Tag Archives: community building

Use powerful questions to build commitment

question marks“Powerful questions are those that, in the answering, evoke a choice for accountability and commitment.” – Peter Block

If you’ve followed our blog for any length of time, you’ll note that we’ve devoted more than a few posts to the leader’s role in asking good questions. In his book Community: The Structure of Belonging, Peter Block aptly discusses how questions are central to building accountability and commitment in any change effort. He describes powerful questions as the essential tools of engagement, because they create space for something new to emerge. They engage people and invite them to co-create a future possibility.  Most importantly, powerful questions have the capacity to transform organizations.

But how do we as leaders recognize or craft powerful questions? Block helps us by distinguishing between questions with little power to create an alternative future and those questions with great power to make a difference.

Questions with little power are those that you may have heard many times or that you may have asked in the past, but they have little power to transform an organization. They include questions, like:

  • How do we get to people to show up and be committed?
  • How do we get others to buy in to our vision?
  • How do we get those people to change?
  • How much will it cost and where do we get the money?
  • How do we negotiate for something better?
  • How do we find and develop better leaders?

Block says that questions that are designed to change other people are the wrong questions, because they reinforce a problem-solving model that will create a predictable future. Questions with little power focus on negotiating, mandating, engineering, controlling, or just trying harder at what we’ve already been doing.

Powerful questions, on the other hand, take the focus off of problem solving and open up thinking and discussion for a different future. Block states that there are three important characteristics of powerful question. They should be 1) ambiguous (not precisely defined), 2) personal, and 3) should evoke anxiety. Yes, he did say, anxiety! He explains that all that matters makes us anxious….hmmm. Here are some powerful questions that Block proposes:

  • What is the commitment you hold that brought you into this room?
  • What is the price you or others pay for being here today?
  • How valuable do you plan for this effort to be?
  • What is the crossroads you face at this stage of the game?
  • What is the story you keep telling about the problems of this community?
  • What is your contribution to the very thing you complain about?

Note how different these questions are from the ones we usually ask as leaders.  Imagine how the dialogue would shift when asking questions like this with a group of employees, students, or community members.

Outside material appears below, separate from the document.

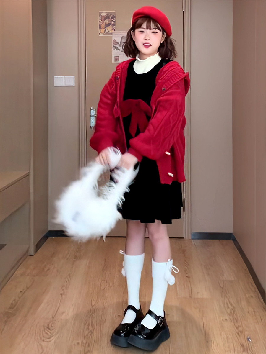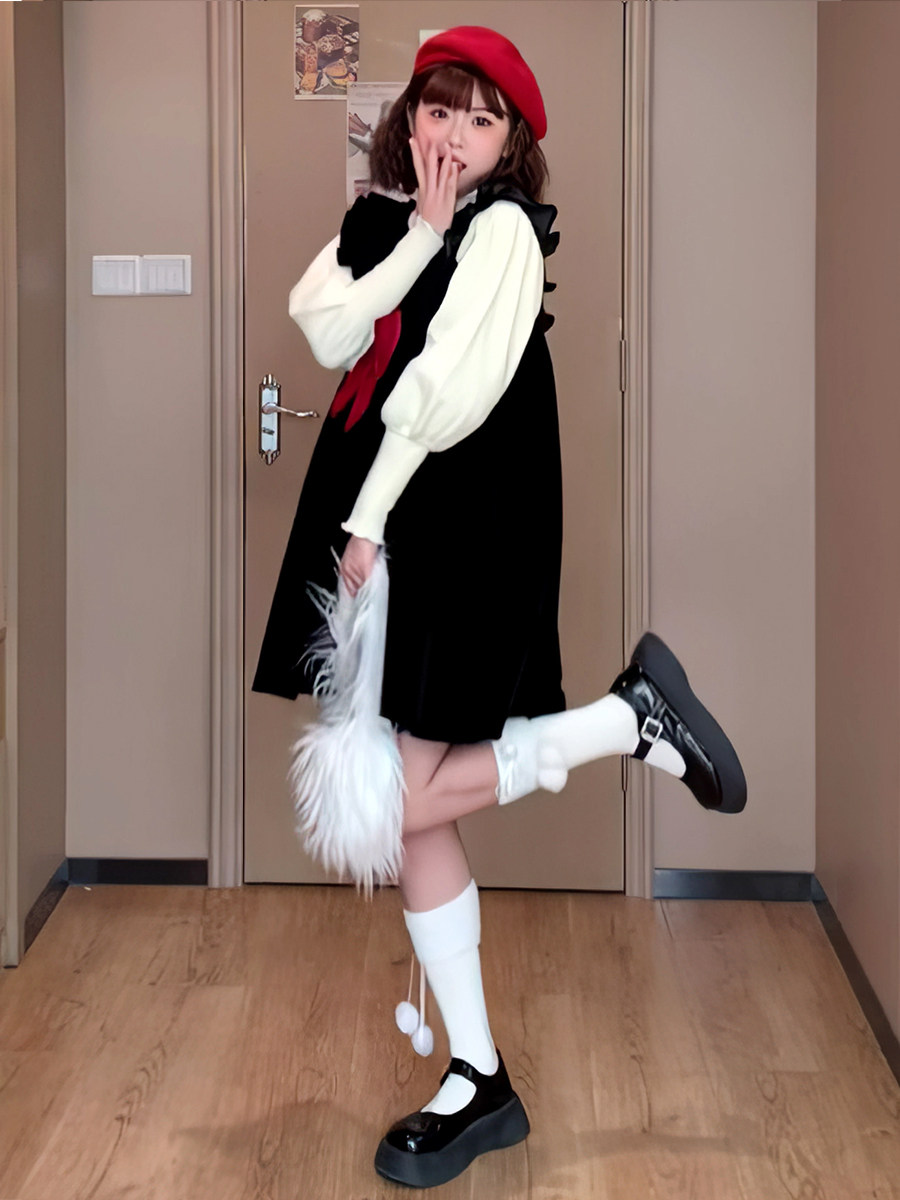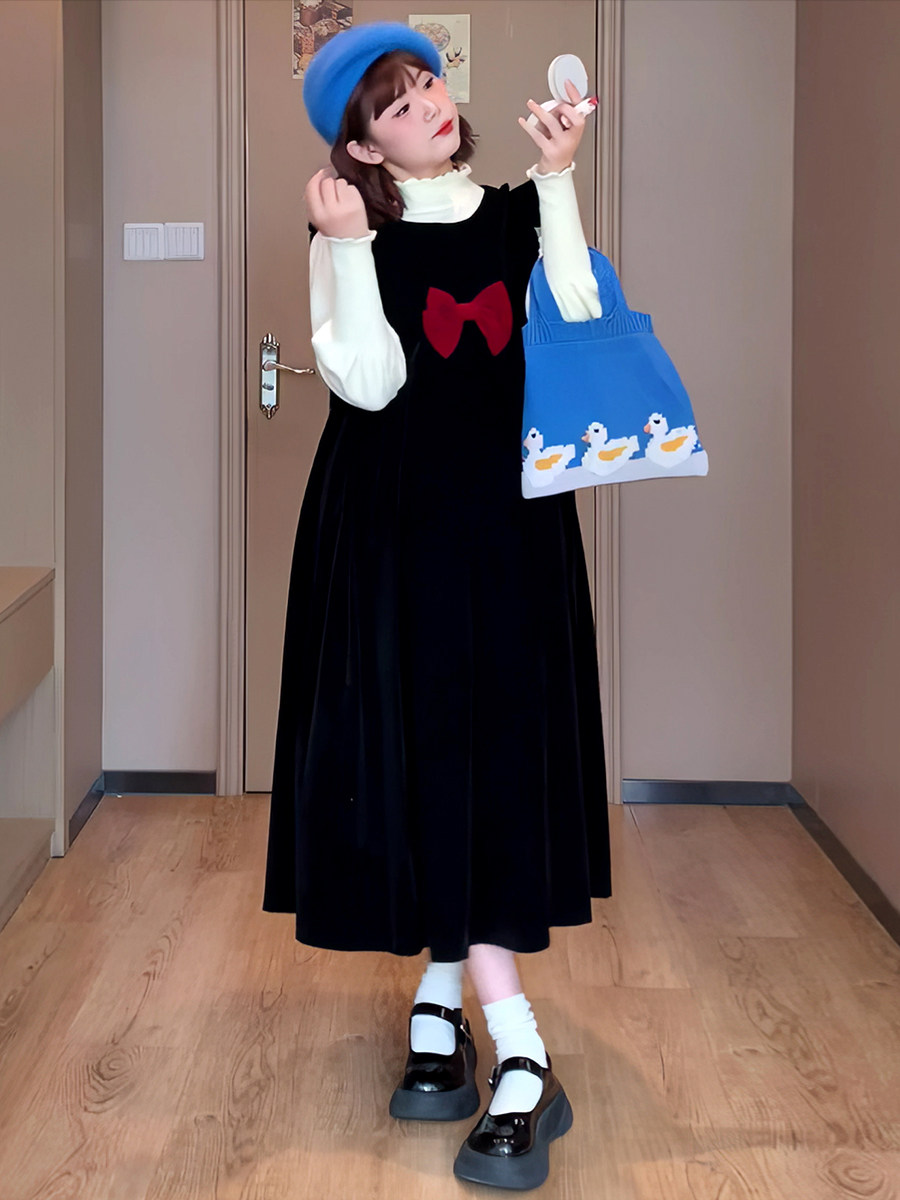 胖mm大码连衣裙女秋冬新款长短款时尚减龄蝴蝶结设计感小个子裙子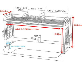 シンク収納ラック 水切りラック 幅64~110cm 伸縮式 スライド式 奥行24.5cm 高さ42.5cm 耐荷重:上部20kg ステンレス 錆びにくい(代引不可)【送料無料】

The act of answering these questions requires personal responses that are not easy, but that build commitment and accountability.

What powerful questions have you used to help people build accountability and commitment for a new future?

Anita Rios

 

Advertisement

No is the beginning of commitment

 

“…if we cannot say no, then our yes has no meaning.” – Peter Block

block2In his book, Community: The Structure of Belonging, Peter Block helps leaders understand how to build accountability and commitment for transforming our organizations and communities through six important conversations with stakeholders. One of those conversations focuses on dissent, which can seem counter-intuitive in our American culture. Dissent can be perceived as being disloyal or negative. And those who voice dissent can be branded as someone who is not a team player.

However, Block makes a good point that each of us needs the chance to express our doubts and reservations when we are part of a large collective effort to transform an organization. And he aptly points out: “creating space for dissent is the way diversity gets valued in the world.” It is the role of leaders to allow space for people to say no.

In working with leaders over the years, I’ve observed that many find it scary to allow space for dissent. It can feel messy. Leaders may also worry that allowing for dissent can send the organization’s members into a negative spiral. That’s where it is helpful to construct questions and facilitated conversations that allow for stakeholders to voice their doubts. Block suggests some of the following questions:

  • What doubts and reservations do you have?
  • What is the no, or refusal, that you keep postponing?
  • What have you said yes to, that you no longer really mean?
  • What is a commitment or decision that you have changed your mind about?
  • What resentment do you hold that no one knows about?

Allowing organizational members and stakeholders space to express their doubts and reservations can be powerful, especially as a leader listens deeply and with curiosity. Block also states that “the key for the leader is not to take the dissent personally or to argue in any way with the doubts that get expressed.” If a concern can be addressed, a leader should do that. If it is too complex to be addressed, which many doubts are, it is enough for a leader to just listen.

Allowing public space for dissent takes those conversations out of the hallway and restrooms and makes it safe for people to say no, so that when they move on to conversations about possibilities, their yes has true meaning and builds commitment towards a shared and desired future.